Fund Management

Europe's Mutual Fund Market Is Overcrowded, Inefficient - Industry Data

Tom Burroughes Editor London 9 June 2009

Europe's Mutual Fund Market Is Overcrowded, Inefficient - Industry Data

Fund manager firms continue to market thousands of new portfolios in Europe while investors pull heavy sums out of existing or “backlist” funds, suggesting the funds market is overcrowded and losing benefits of economies of scale, a report by Lipper FMI said yesterday.

New fund launches are driving a “significant proportion of European mutual fund sales”, which could damage investors’ long-term interests, the report said. The number of funds has surged by 70 per cent to about 29,000 between 1998 and 2008, but tellingly, percentage management fees have not fallen, it said.

By contrast, there are 8,000 mutual funds in the US, suggesting Europe’s market remains heavily fractured due to taxation, regulation and local buying habits. In recent years, the European Union has tried to break down national fund barriers through development of cross-border portfolios known as UCITS funds.

More than 2,500 mutual funds are launched in Europe each year, the report, entitled Profiting from Proliferation?, said.

New funds attracted more than €120 billion ($167 billion) in 2007 and 2008, whereas backlist funds saw redemptions grow from €200 billion to €500 billion – a trend suggesting considerable churn and turnover within an ever-changing spectrum of funds.

“This raises concerns as to whether mutual funds, a longer-term investment product, are being sold appropriately,” Lipper FMI said.

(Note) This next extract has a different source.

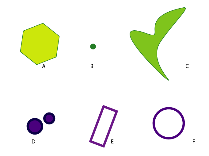 A figure illustrating some contractible spaces and some non-contractible spaces.

Ed Moisson, head of consulting at Lipper FMI, said: “New fund launches are a key business driver in European markets, particularly where banks dominate fund distribution.  Arguably this approach could damage investors’ long term interests, but the current climate offers companies the ideal opportunity to demonstrate that investors’ interests lie at the heart of the mutual fund structure.”